Why do we care about it?
Reflect for a few seconds.
Then, tell me why you think it may be important for YOU to learn about.

Slide 4 - Mind map

First, let's take a look at the components of blood:
Plasma
  • the liquid portion of blood
  • contains many chemical constituents which includes (for our purposes):
  1. coagulation factors
  2. fibrinolytic factors
  3. inhibitors
Formed elements:
  • are microscopically visible
  • include (for our purposes):
  1. WBCs (leukocytes)
  2. RBCs (erythrocytes)
  3. platelets (thrombocytes)




Slide 5 - Slide

What is anticoagulated blood?
It is blood in vitro (ie: blood drawn into a tube) to which an agent (called anticoagulant) has been added to prevent clotting.  When spun in a centrifuge, the liquid portion is called plasma.  
This means it contains all plasma coagulation factors, fibrinolytic factors, and inhibitors.
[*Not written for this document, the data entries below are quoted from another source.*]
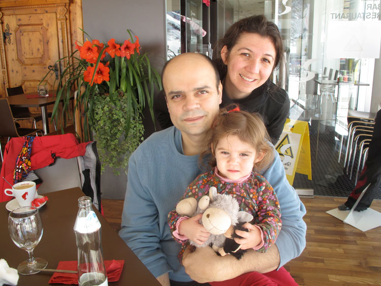 Sabah 4′te evden çıkarak başladığımız, Ankara-Munih-Zürih uçuşunu takiben 2,5 saat araba kullanarak yaptığımız yolculuğun büyük kısmını Mira uyuyarak tamamladı. Mira uyanık kaldığı her an ise göz hapsi prensibimizi aşarak peşinden koşturdu. Cenk’in duruma müdahale etmesine daha gürültülü tepkiler verdiği için yakalama devriyesi görevi de benim üzerime kaldı… Tabi yakalanacağını anladığı anda da “Mia yoruldu burada uyu” diye yere yapıştı. Açıkçası daha önce böyle yere yapıştığı zamanlarda sakince başında “hadi burada uyunmaz kalk” diyerek bekliyordum. Ancak bu sefer kendini yere attığı yerler arasında bir umumi tuvalet bile olunca öyle sakin makin kalamadım. O yapıştı, ben yerden kazıdım. Kucağımdaki “annemm, bıııak benii, bıııak diyoum” yakarışları etraftakileri pek güldürse de benim canıma okudu. Öyle ki bu yolculuğun onu da etkileyeceğini düşünemeyecek kadar yoruldum. Yorgunluktan iyice salaklaştım. Şaşırdım.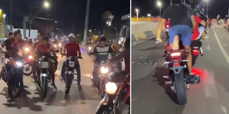 MANAUS – Um rolezinho em Manaus acabou com um motoqueiro e uma mulher cercados na garupa da moto. A cena impactante ocorreu na noite desta quinta-feira (9).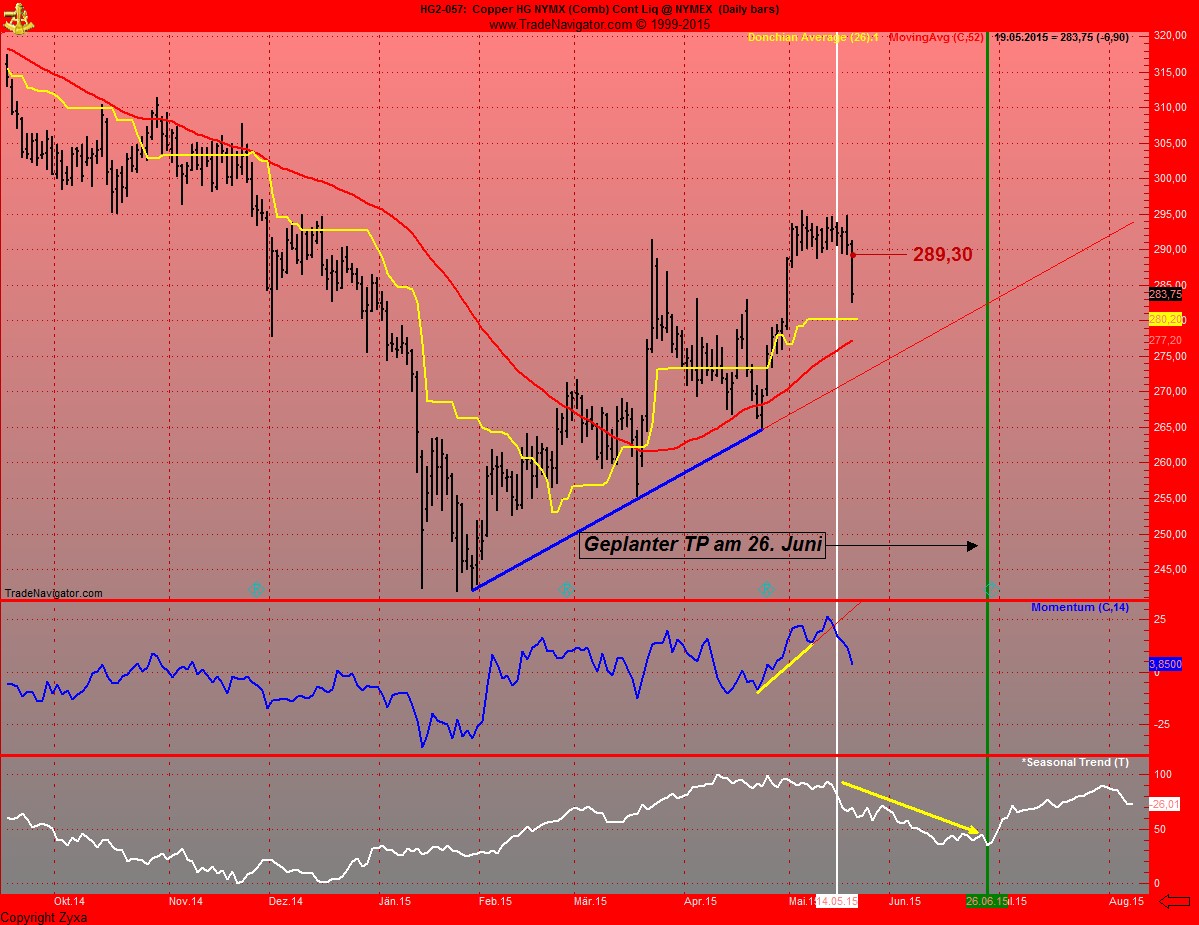 Und da waere dann noch die Seasonalitaet, die bis ende Juni sehr negativ ist fuer Kupfer...ich hab das Zeitfenster fuer mein Shorttrade markiert(gelb).....Ich bleibe bis 26. Juni short, es sei denn ich werde ausgestopt

The anticoagulant of choice for hemostasis (coag) testing is 3.2% sodium citrate.

Slide 6 - Slide

What is serum?
Serum is a clear liquid, which separates from blood when it is allowed to clot.  Serum is blood plasma from which certain coagulation factors have been used up (depleted) in the process of clotting.  
The factors depleted are:
     fibrinogen
     prothrombin
     factors V, VIII, and XIII
For coagulation testing, plasma must be used instead of serum.

Slide 7 - Slide

Which specimen would be appropriate for hemostasis testing?
A
plasma from a sodium citrate tube
B
serum from a sodium citrate tube
C
plasma from a tube with clot activator
D
serum from a tube with clot activator

Slide 8 - Quiz


Hemostasis involves the interaction of:



 
  1. blood vessels
  2. platelets
  3. plasma coagulation factors

In most situations, balance is maintained via various inhibitors of coagulation and fibrinolysis.

The goal of hemostasis is the patient doesn't bleed (hemorrhage) nor form systemic clots (thrombosis).

Slide 9 - Slide

Hemostasis occurs in
3 stages:
  1. Primary Hemostasis
  2. Secondary Hemostasis
  3. Fibrinolysis
The result is a localized sealing of the vessel that subsequently undergoes slow removal by fibrinolysis and final tissue repair.


Slide 10 - Slide

Primary Hemostasis:
platelet plug
Primary hemostasis begins when a blood vessel is damaged, causing collagen from the vessel to be exposed for platelets to attach to.  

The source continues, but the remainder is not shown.